Alibaba’s Qwen2.5-Coder models are the current best-in-class for their size tier. The 14B model approaches GPT-4o mini quality on many tasks.

Quality comparison on implementing a LRU cache:

# Qwen2.5-Coder 14B output — correct and idiomatic:
from collections import OrderedDict

class LRUCache:
    def __init__(self, capacity: int):
        self.cache: OrderedDict[int, int] = OrderedDict()
        self.capacity = capacity

    def get(self, key: int) -> int:
        if key not in self.cache:
            return -1
        self.cache.move_to_end(key)
        return self.cache[key]

    def put(self, key: int, value: int) -> None:
        if key in self.cache:
            self.cache.move_to_end(key)
        self.cache[key] = value
        if len(self.cache) > self.capacity:
            self.cache.popitem(last=False)

The 14B model uses OrderedDict with move_to_end (correct, efficient). The 7B model’s output was correct but used a manual doubly-linked list implementation — verbose but functional.

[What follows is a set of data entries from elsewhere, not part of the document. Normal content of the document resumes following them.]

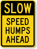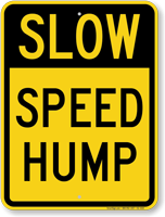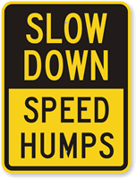 Our designer SignatureSigns communicate the speed bump/hump ahead warning in style. However, these are not official DOT MUTCD-compliant signs and are not meant for use on public roads. You may use these signs on a controlled private property only. They are ideal for large spaces of hotels, resorts, apartment complexes, offices, assisted living and even factories and schools.
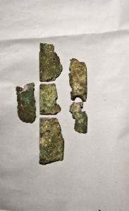 Lamina a nastro con bordi decorati da elementi sbalzati a rilievo e in successione; presenta ribattini distanziati.
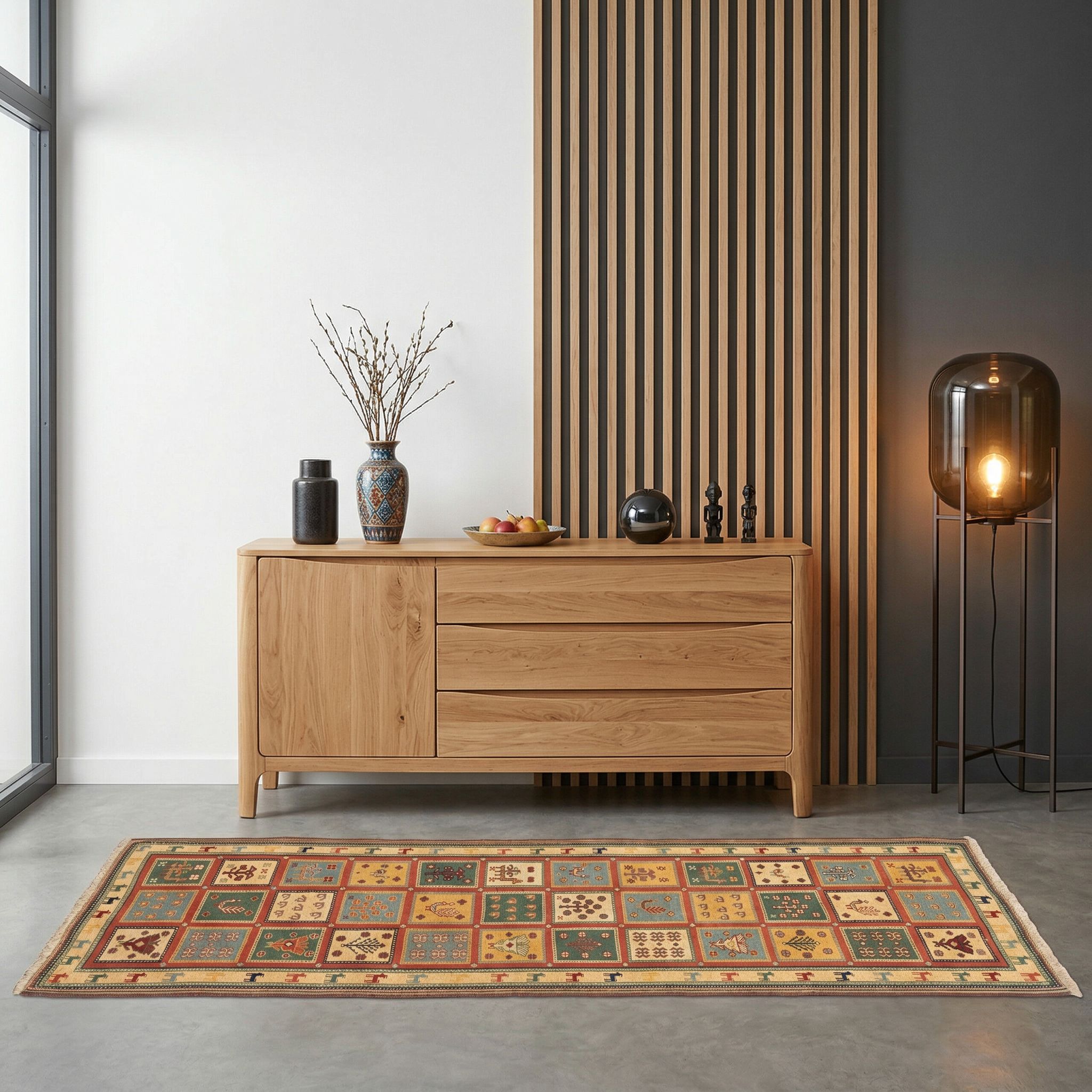 Im skandinavischen Stil dient dieser farbenfrohe Läufer als gezielter Akzent, der die monochrome Palette durchbricht und den wichtigen „Hygge“-Faktor integriert. Die hochwertigen Naturmaterialien und die griffige Struktur der Wolle bringen die nötige Wärme in die nordische Kühle, ohne die schlichte Eleganz zu überladen. Während die Möbel zurückhaltend bleiben, sorgt das geordnete Muster des Afschar-Tabii für einen strukturierten und dennoch verspielten Fokuspunkt im Raum. Diese Kombination aus persischer Tradition und nordeuropäischem Purismus erzeugt eine einzigartige, designorientierte Spannung.

Integrating with VS Code via Continue.dev

Continue.dev is an open-source VS Code extension that works with any LLM:

{
  "models": [
    {
      "title": "Qwen2.5-Coder 14B",
      "provider": "ollama",
      "model": "qwen2.5-coder:14b",
      "contextLength": 8192
    }
  ],
  "tabAutocompleteModel": {
    "title": "Qwen2.5-Coder 7B (autocomplete)",
    "provider": "ollama",
    "model": "qwen2.5-coder:7b"
  }
}

With this configuration: Tab autocomplete using the 7B model (fast for interactive use), chat completions using the 14B model (better quality). No external API calls.

Model Comparison: DeepSeek Coder V3 vs Qwen2.5-Coder

DeepSeek Coder V3 (7B)

DeepSeek is maintained by a Chinese team and is aggressively optimized for code generation. The 7B model often outperforms larger open models.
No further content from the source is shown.